While the old saying notes that crime doesn't pay, that doesn't hold true for America's system of incarceration, which has seen spending more than triple since 1980.
That means each U.S. resident is paying about $260 per year on corrections, up from $77 per person in 1980, thanks to the country's annual $80 billion price tag for incarceration, according to a new report from The Hamilton Project, which is part of Washington, D.C., think tank The Brookings Institution.
The surge in spending poses a number of questions about the country's system of incarceration, especially given that the overall rate for violent and property crimes has actually declined 45 percent during the past two decades.
So, if fewer crimes are being committed, why are we spending more on prisons? Federal and state policies -- such as mandatory sentencing and repeat-offender laws -- have actually led to an explosion in the country's incarceration rate, which is driving up spending.
"For every prisoner there are costs and benefits to incarceration," said Ben Harris, a co-author of "Ten Economic Facts about Crime and Incarceration in the United States." "For someone who has committed a violent offense, we as a society can agree it's worth putting this person in prison."

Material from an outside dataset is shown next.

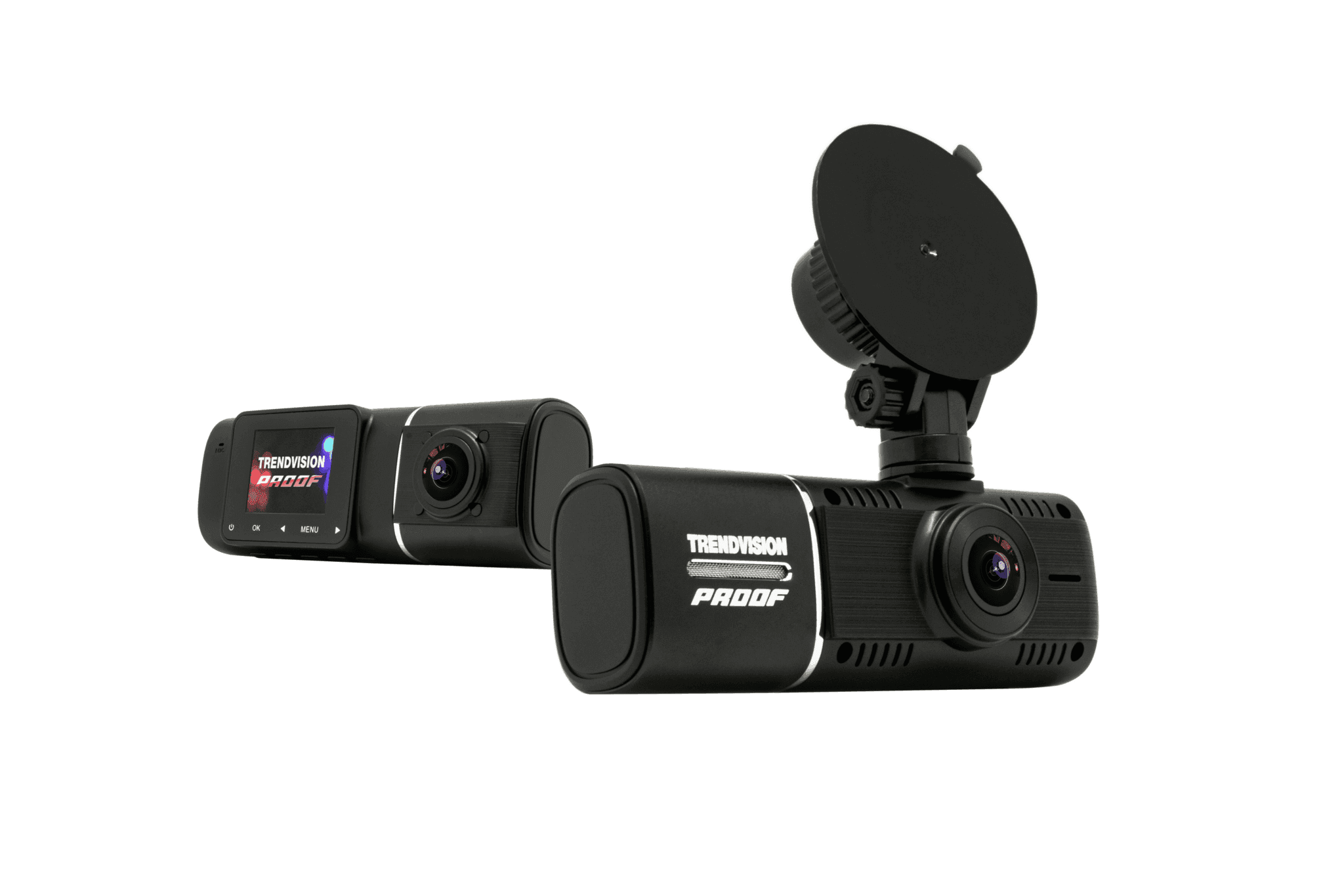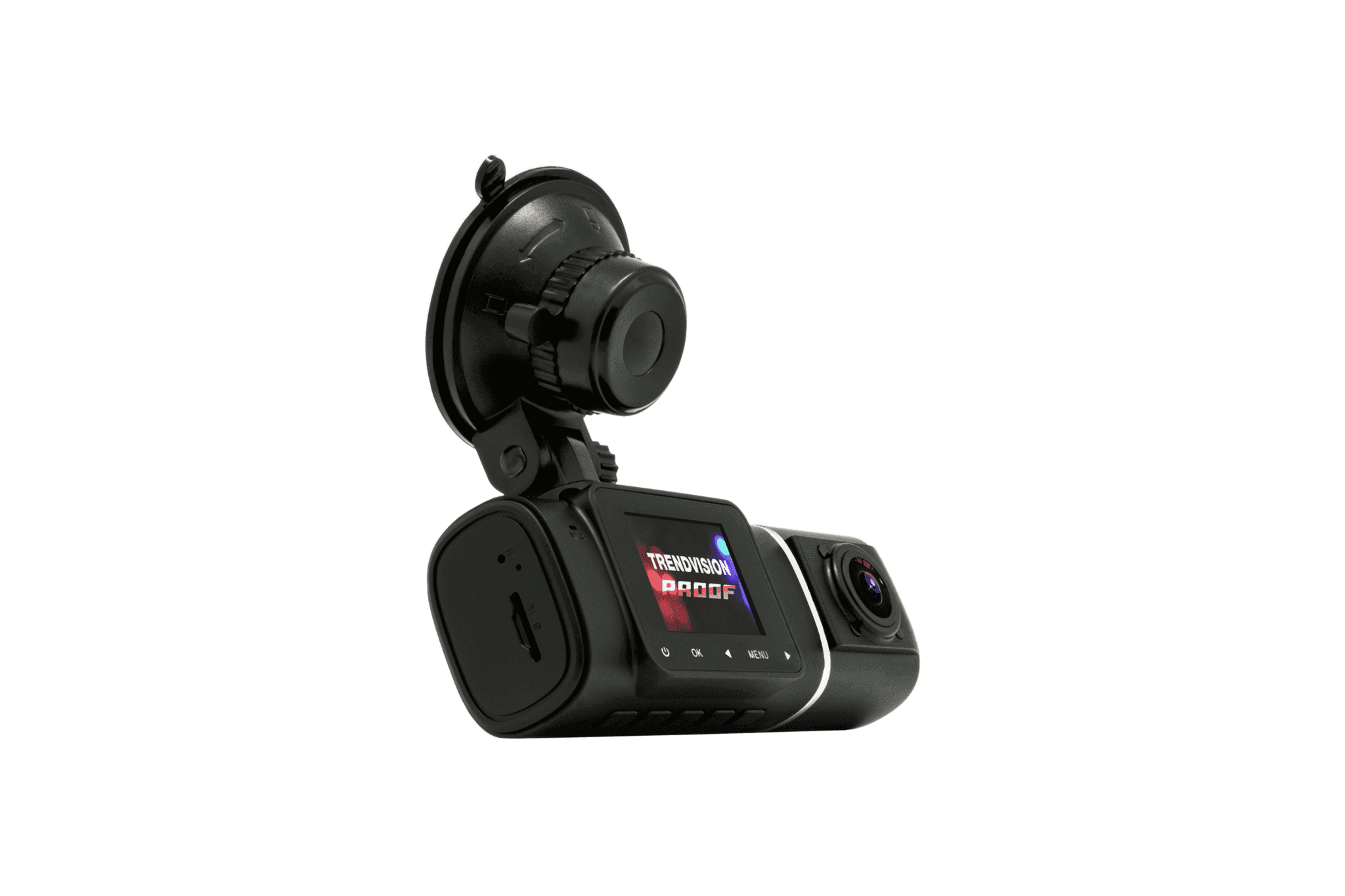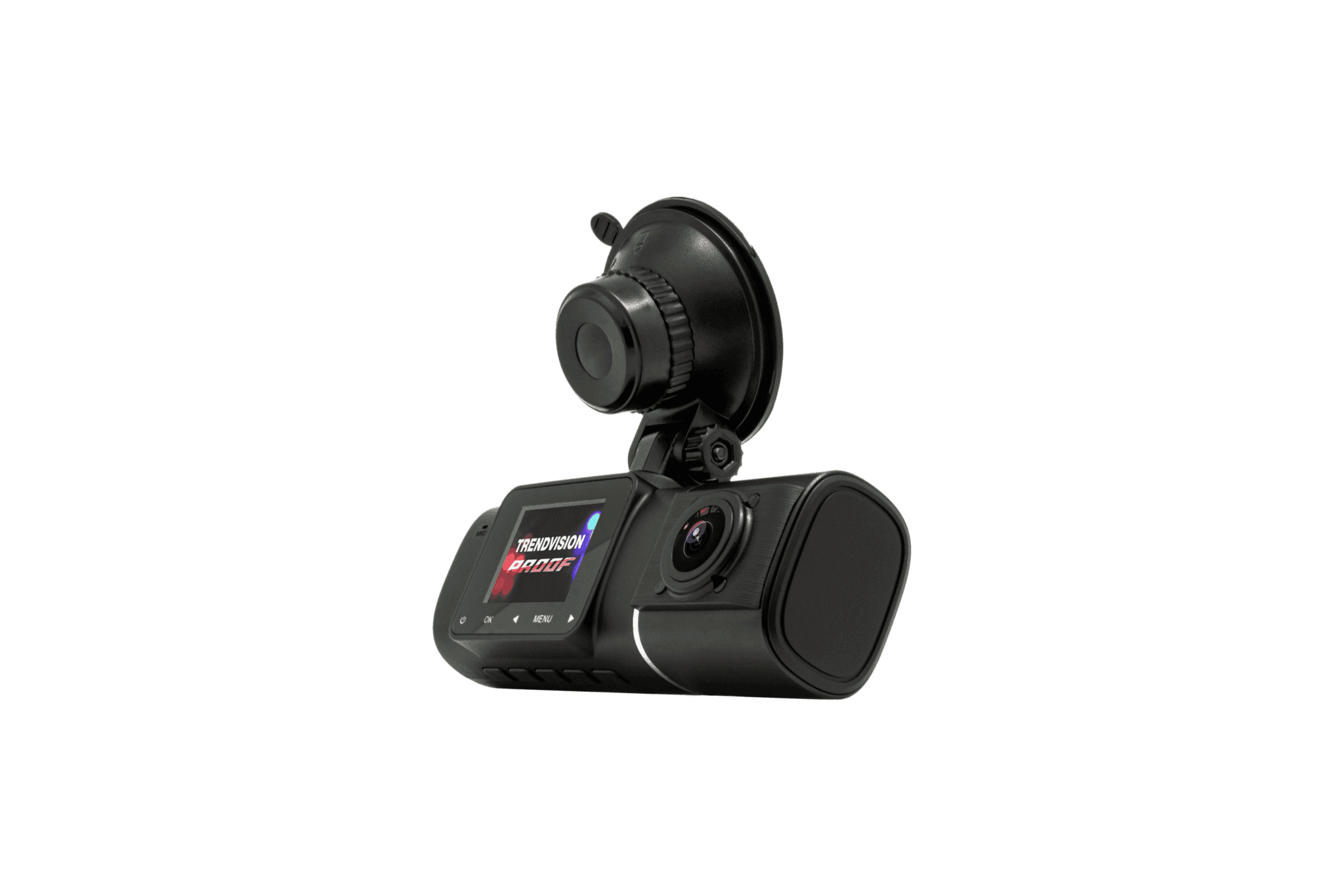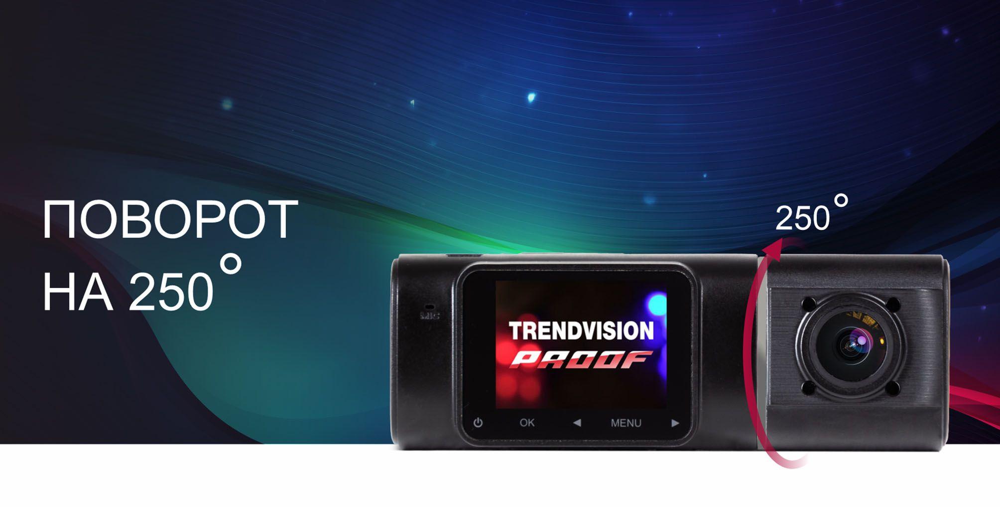 Основным преимуществом модели TrendVision Proof является уникальная конструкция - корпус с поворотной на 250 градусов второй камерой. Такое строение позволяет с высоким качеством зафиксировать происходящее как внутри автомобиля, так и перед ним.

But when it comes to "putting a person in prison to reduce the chance they will commit a low-level crime, such as dealing a small amount of drugs, the benefits aren't as obvious," Harris said.
Changes in how America deals with low-level crimes such as drug offenses mean the country now has an incarceration rate of 710 inmates per 100,000 residents, compared with the typical rate of 115 among nations in the Organization for Economic Co-Operation and Development.
At the same time, the massive costs mean less money is available for education or methods to reduce crime, such as adding more police to a community, he added. The social costs also are significant, given that many of those placed behind bars are young men 15 to 30 years old, who lose out on labor skills and see their "opportunities start plummeting," Harris said.
While the booming behind-bars population is one reason for higher spending, Harris noted that prisons are also spending more on health care, thanks to a population of aging inmates. In a 2013 report. the Pew Charitable Trusts found that 44 states spent $6.5 billion on inmate health care in 2008, a jump of more than 54 percent from 2001.
The findings come as a group that included five Nobel Prize-winning economists published a damning report on the war on drugs, calling it a "failed" strategy that's led to "mass incarceration in the US" and global problems such as corruption in Afghanistan and "immense violence" in Latin America. Instead, the report published by the London School of Economics said a "new global drug strategy" is needed.